3. Information We Collect

We may collect, store, and use the following types of personal information:

3.1 Website Usage Information

• IP address and geographical location

• Browser type and version

• Operating system

• Referral source

• Length of visit and page views

• Time zone settings

• Device information

3.2 Retreat Booking Information

• Name, contact details (email, phone, address)

• Payment information

• Dietary requirements and preferences

• Health information relevant to retreat activities

• Travel details

• Emergency contact information

• Questionnaire responses (preferences, expectations, etc.)

3.3 Hypnotherapy Client Information

• Name and contact details

• Health information relevant to therapy

• Session notes and treatment plans

• Medical history relevant to treatment

• GP contact details (in some cases)

• Emergency contact information

3.4 Marketing Information

• Email address and communication preferences

• Information about your interests and preferences

• Feedback and testimonials (with consent)

3.5 Audio and Visual Information

• Audio recordings of hypnotherapy sessions (with consent)

• Recordings of online sessions (with consent)

• Photographs and videos from retreats (with consent)

• Voice messages sent via communication platforms

3.6 Special Category Data

We may process certain special category data, including:

• Health information relevant to retreats or therapy

• Information about dietary requirements that may reveal religious or philosophical beliefs

• Occasionally, information about sexual life or orientation if voluntarily provided and relevant to therapy goals

4. Sources of Personal Information

We collect personal information from:

• Direct interactions (forms, bookings, registrations, correspondence)

• Our websites and social media platforms

• Questionnaires and intake forms

• Third-party service providers (booking platforms, payment processors)

• Google Forms for retreat applications and questionnaires

5. How We Use Your Information

We use your personal information for the following purposes:

5.1 Website Administration

• Administering and improving our websites

• Personalizing your browsing experience

• Analysing usage patterns and trends

• Ensuring content is presented effectively

5.2 Retreat Services

• Processing bookings and payments

• Organising accommodation, activities, and catering

• Communicating important information about your retreat

• Coordinating with venues and service providers

• Health and safety considerations

• Evaluating suitability for specific activities

5.3 Hypnotherapy Services

• Planning and providing appropriate therapy

• Maintaining clinical records

• Ensuring continuity of care

• Safety and medical considerations

5.4 Communication

• Responding to inquiries and requests

• Sending booking confirmations and updates

• Providing information about services you've requested

• Sending marketing communications

• Collecting feedback

5.5 Legal and Compliance

• Complying with legal obligations

• Preventing fraud and protecting our rights

• Maintaining appropriate business records

We will not sell your personal information or use it for any purpose other than those related to our services without your explicit consent.

6. Use of Google Forms

6.1. When you submit information through Google Forms, this data is stored on Google's servers and is subject to Google's privacy policy and security practices.

6.2. While we take reasonable precautions to protect your data, we cannot control or guarantee Google's data handling practices.

6.3. We recommend reviewing Google's Privacy Policy before submitting sensitive information.

6.4. We regularly download and securely store information from Google Forms in our own systems, and we apply our data protection standards to this information once transferred.

6.5. Purpose of Collection: We collect this information through questionnaires to assess suitability for our retreats, curate appropriate group dynamics, tailor experiences to participants' needs and preferences, and ensure we can accommodate any special requirements.

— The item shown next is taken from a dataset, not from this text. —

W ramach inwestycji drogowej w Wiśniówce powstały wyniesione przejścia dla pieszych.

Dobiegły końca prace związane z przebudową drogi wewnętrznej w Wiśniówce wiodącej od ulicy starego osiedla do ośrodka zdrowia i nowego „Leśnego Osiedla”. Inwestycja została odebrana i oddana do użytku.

This information is essential to our selection process and helps us create balanced and harmonious retreat groups.

7. Lawful Basis for Processing

We process your personal data on the following lawful bases:

• Contract: Processing necessary for the performance of our contract with you

• Legitimate Interests: Processing necessary for our legitimate business interests

• Legal Obligation: Processing necessary to comply with legal requirements

• Consent: Processing based on your specific consent (e.g., for marketing communications)

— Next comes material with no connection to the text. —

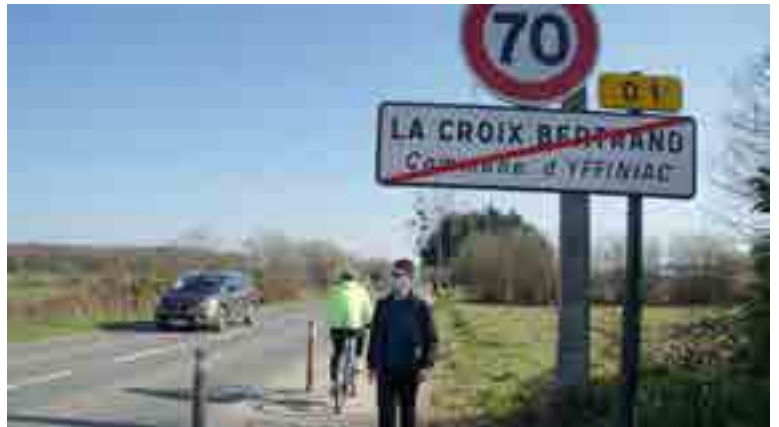
Des subventions ont été accordées par l'agglomération pour la réalisation des pistes cyclables.

• Vital Interests: In rare emergency situations involving health and safety

7.1. For special category data (such as health information), we process this based on one or more of the following:

• Your consent

• For the provision of health or social care

• For the establishment, exercise, or defence of legal claims

• When you have manifestly made the data public

7.2. We maintain records of our lawful bases for each type of processing activity.

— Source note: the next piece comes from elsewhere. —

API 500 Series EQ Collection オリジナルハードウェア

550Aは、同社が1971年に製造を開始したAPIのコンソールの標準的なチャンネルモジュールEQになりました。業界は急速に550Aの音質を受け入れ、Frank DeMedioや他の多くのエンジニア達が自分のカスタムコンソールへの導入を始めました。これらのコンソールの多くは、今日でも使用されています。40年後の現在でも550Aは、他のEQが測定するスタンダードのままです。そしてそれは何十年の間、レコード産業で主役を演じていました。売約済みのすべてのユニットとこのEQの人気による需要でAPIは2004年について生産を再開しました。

8. Data Sharing and Disclosures

We may share your personal information with:

8.1 Service Providers

• Venues and accommodation providers

• Activity providers and instructors

• Transportation services

• Catering services

• Payment processors

• IT service providers and software platforms

8.2 Third Parties

• Professional advisers (lawyers, accountants, insurers)

• Regulatory authorities when required by law

• Healthcare professionals (only with consent or in emergencies)

We require all third parties to respect the security of your personal data and to treat it in accordance with the law. We do not allow our third-party service providers to use your personal data for their own purposes.

9. International Transfers

Your data may be transferred to and processed in countries outside the UK and European Economic Area (EEA). When we do this, we ensure appropriate safeguards are in place to protect your information, including:

• Standard contractual clauses approved by the European Commission

• Adequacy decisions where applicable

• Other lawful transfer mechanisms

When booking retreats in locations outside the UK/EEA, some data transfers to local service providers will be necessary. We take steps to ensure these transfers comply with data protection requirements.

10. Data Security

10.1. We have implemented appropriate security measures to prevent your personal data from being accidentally lost, used, accessed, altered, or disclosed in an unauthorized way.

10.2. We limit access to your personal data to employees, agents, contractors, and other third parties who have a business need to know. They will only process your personal data on our instructions and are subject to a duty of confidentiality.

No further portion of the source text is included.